Unnamed: 0,Country,Value,Series Name
0,Afghanistan,0.5,Agriculture census (Availability score over 20...
1,Afghanistan,0.0,Agriculture survey (Availability score over 10...
2,Afghanistan,0.0,Availability of Comparable Poverty headcount r...
3,Afghanistan,1.0,"Availability of Mortality rate, under-5 (per 1..."
4,Afghanistan,0.0,Business process


## Step 3: Further Cleaning the Data
Datasets of this nature often contain errors, typos, or specific characteristics that need to be cleaned (and, in many cases, removed) to ensure the data is coherent and suitable for analyzing the variables of interest. Thus, we will proceed with the respective cleaning process for each dataset.
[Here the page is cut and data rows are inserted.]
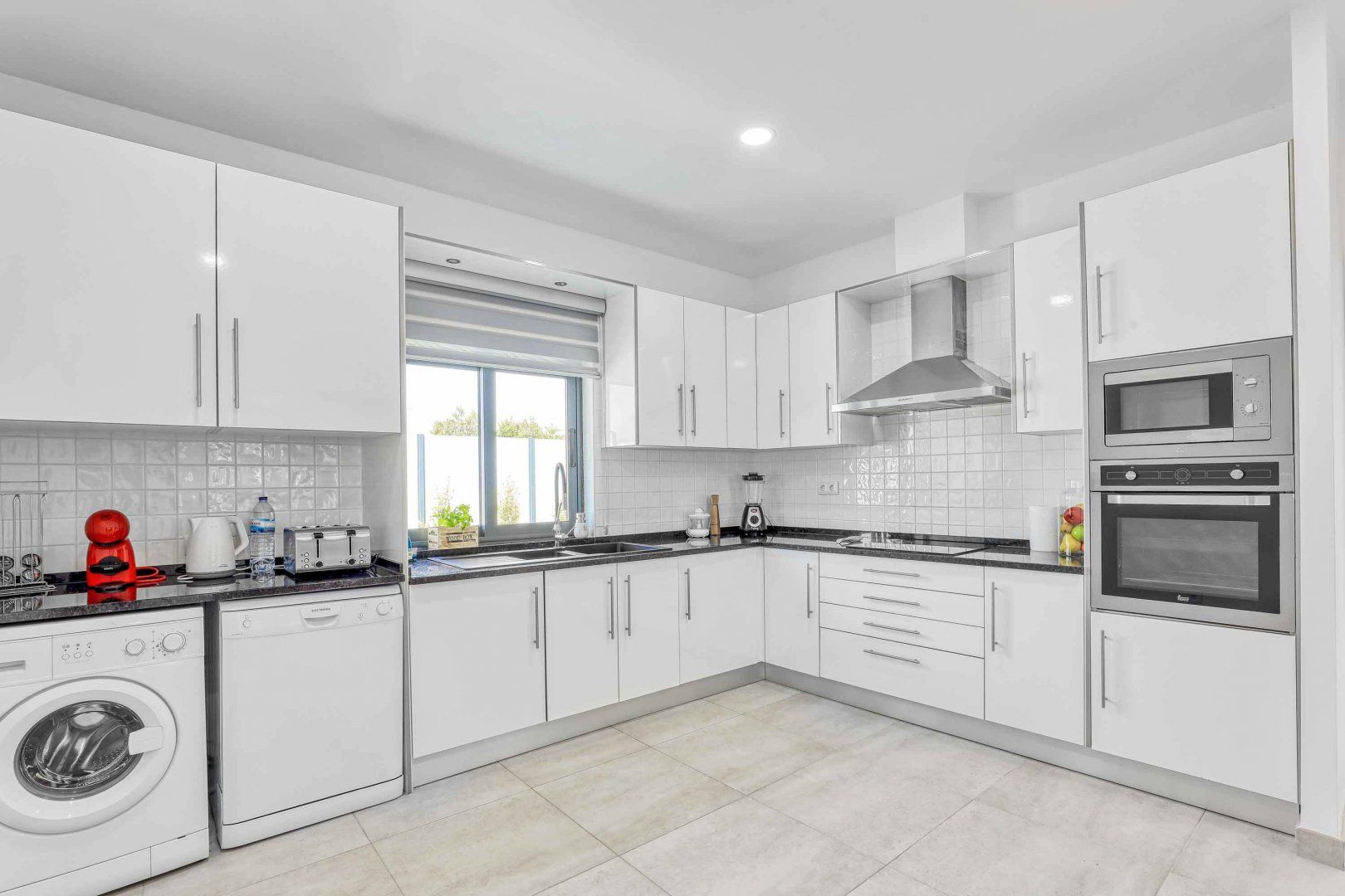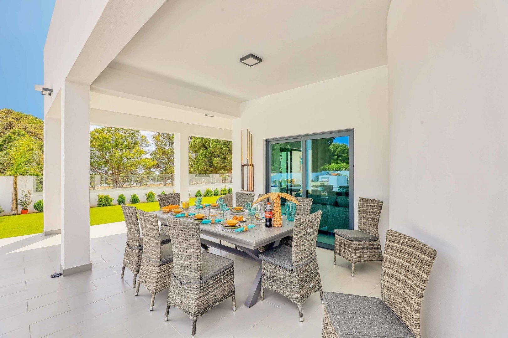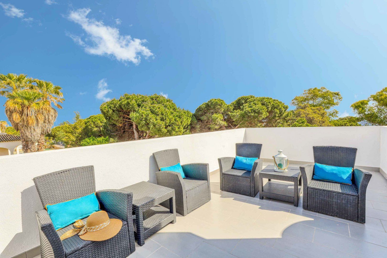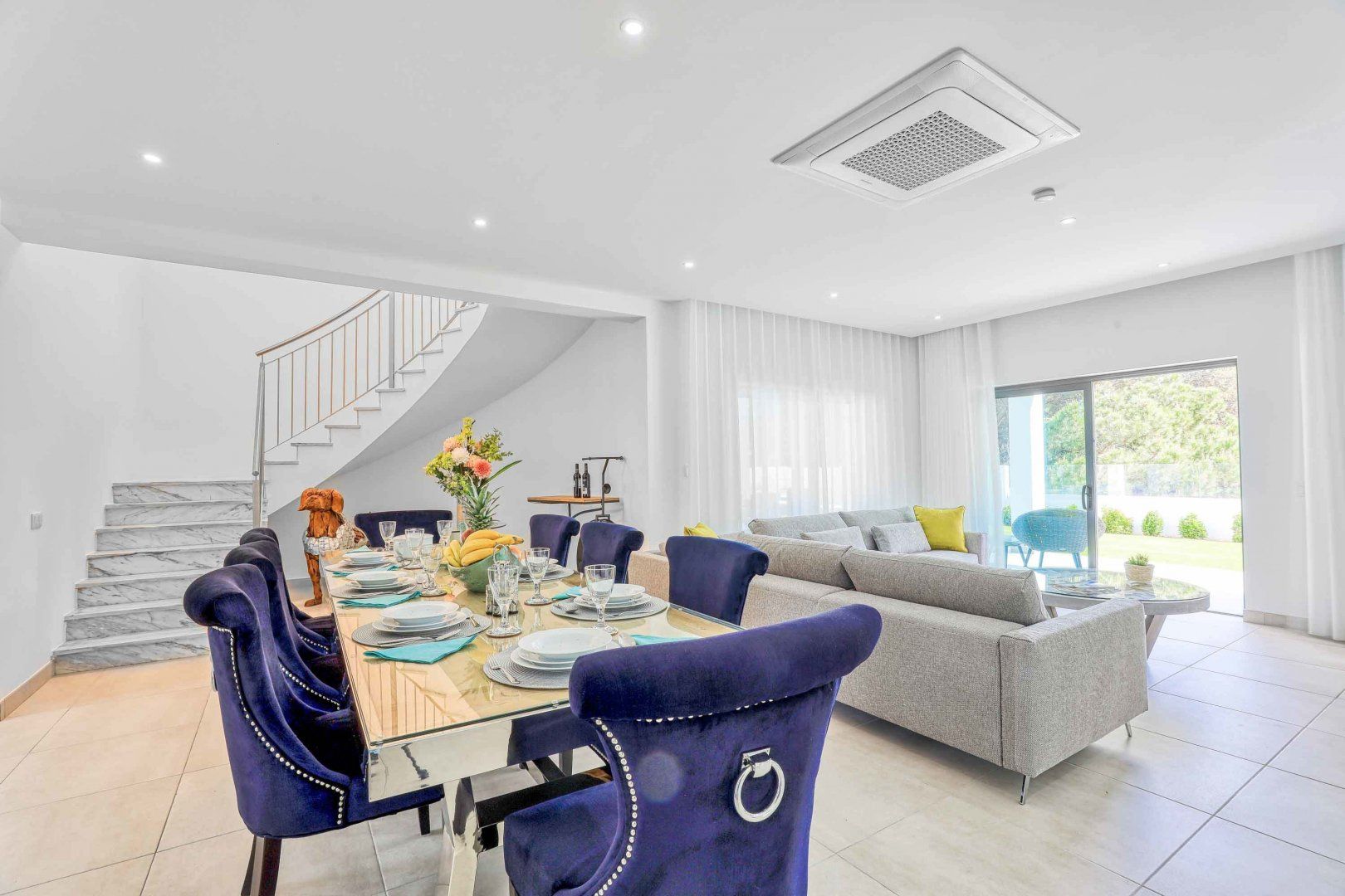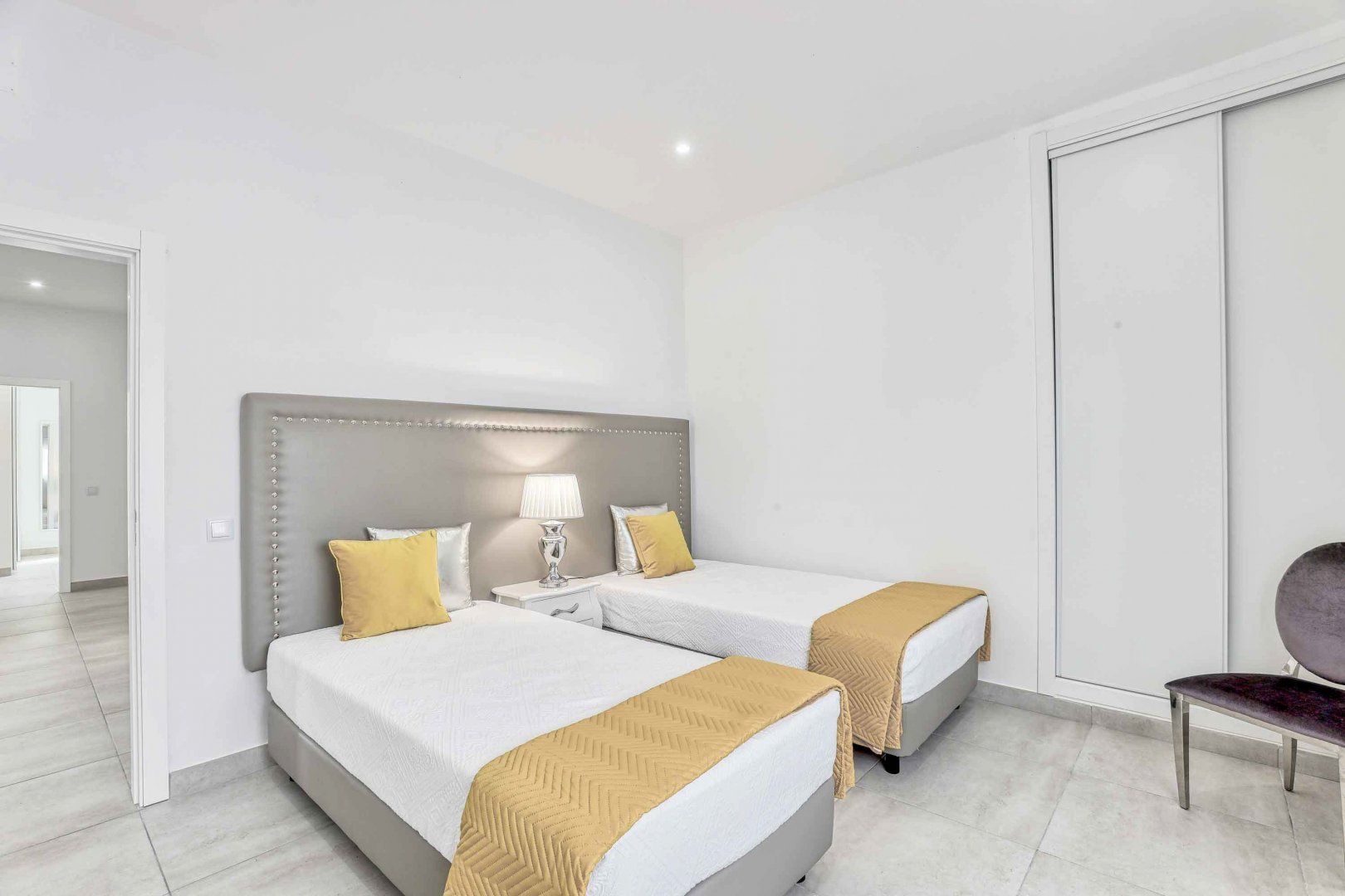 Located right at the heart of Albufeira, this villa is pretty impressive. The popular beaches of Castelo and Evaristo are within walking distance – as are plenty of shops and eateries – but this home has more going for it than just location. There’s heaps of room for a group, including a second lounge upstairs that would be ideal for kids to claim as their own – they’ll also have table tennis and a pool table to keep them entertained. Outside, the choice of covered terraces, quiet balconies, and poolside daybeds will appeal to those wanting a laid-back stay.
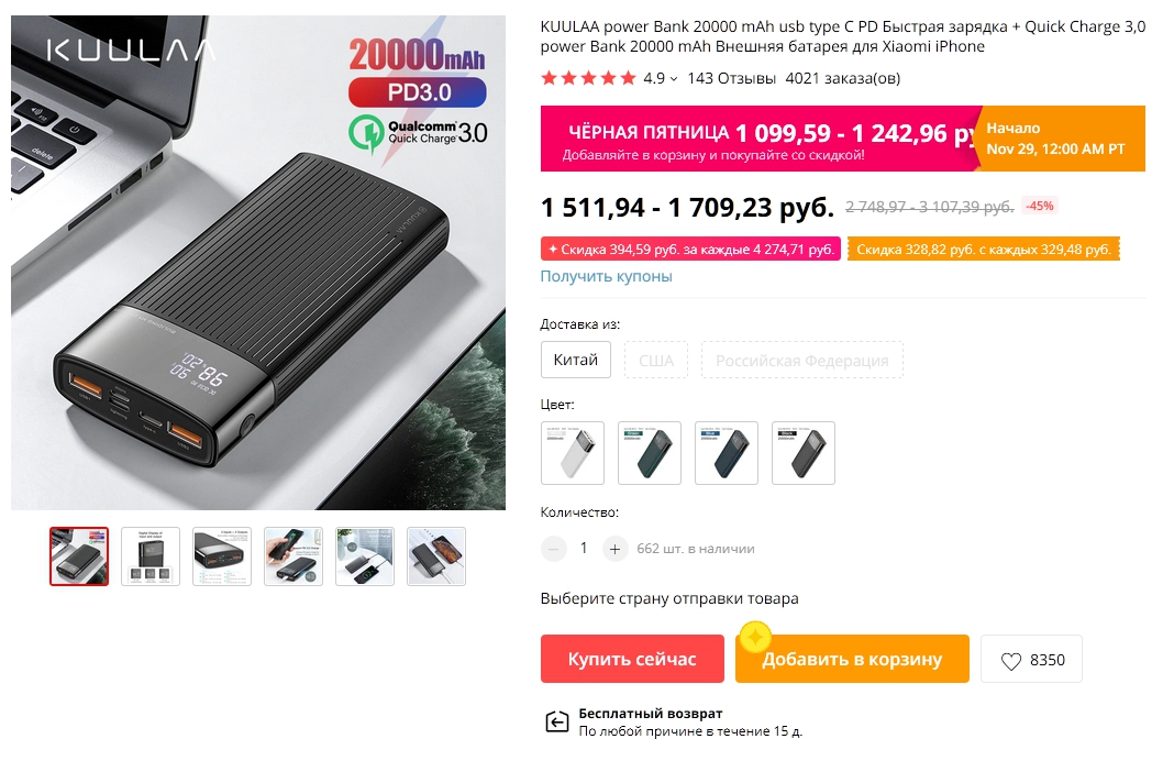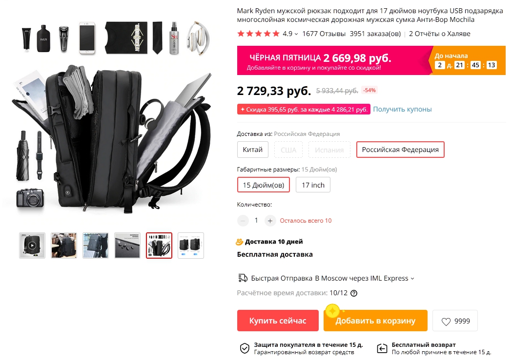 3. Купоны на $10 и $15 действительны только с 29 ноября 11:00 по 4 декабря 10:59 МСК)
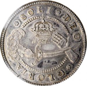This specimen was lot 21139 in Stack's Bowers ANA sale (Las Vegas, August 2020), where it sold for $2,640. The catalog description[1] noted, "DENMARK. Krone (4 Mark), 1659. Frederik III. PCGS EF-45 Gold Shield. A well struck and nicely preserved example of the type with lovely old cabinet tone. The piece exhibits nice bold design features with even wear on the high points, only a couple of insignificant areas of weakness on the reverse are noticed mentioned for accuracy. The surfaces exhibit lovely mottled gray patina with blue and golden hues offering good eye appeal. Clearly an example which sat for a prolonged period of time undisturbed." This is one of several closely related kroner or four mark pieces issued 1659-60 (Dav-3576, Dav-3576A and Dav-3578). King Frederick III ruled 1648-70; one may assume the obverse design had political significance at the time. Danish crowns of the seventeenth century range from the scarce to the obscenely rare. Either they were melted extensively or the poverty of the king prevented large issues or both. The similar Dav-3578 has "DOMINVS PROVIDEBIT" around the king's monogram instead of the "*IIII*MARCK*DANSKE*" shown here.
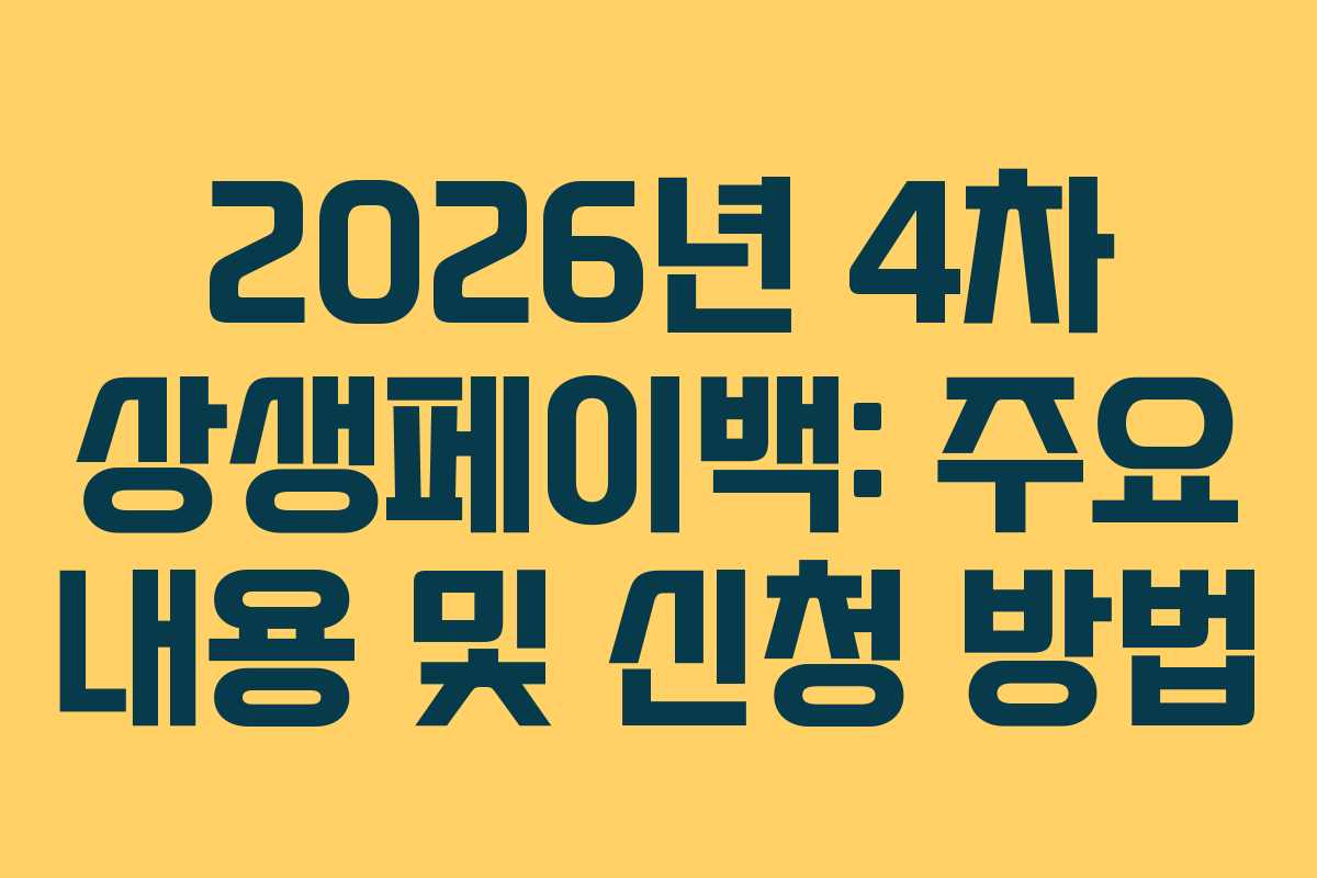 2026년 4차 상생페이백이 발표되었습니다. 많은 분들이 이 기회를 놓치지 않도록 핵심 내용을 정리하여 안내합니다. 이번 4차 상생페이백은 12월에 진행되며, 반드시 새롭게 신청해야 합니다.

### Step 3.1: Cleaning the UN Data
For the UN dataset, it is necessary to select only official countries and exclude all non-country entries (regions, special areas, unrecognized nations). This is because we will work exclusively with country-level (official) information, which is the first requirement for merging the data with the WB dataset, which is also at the official country level.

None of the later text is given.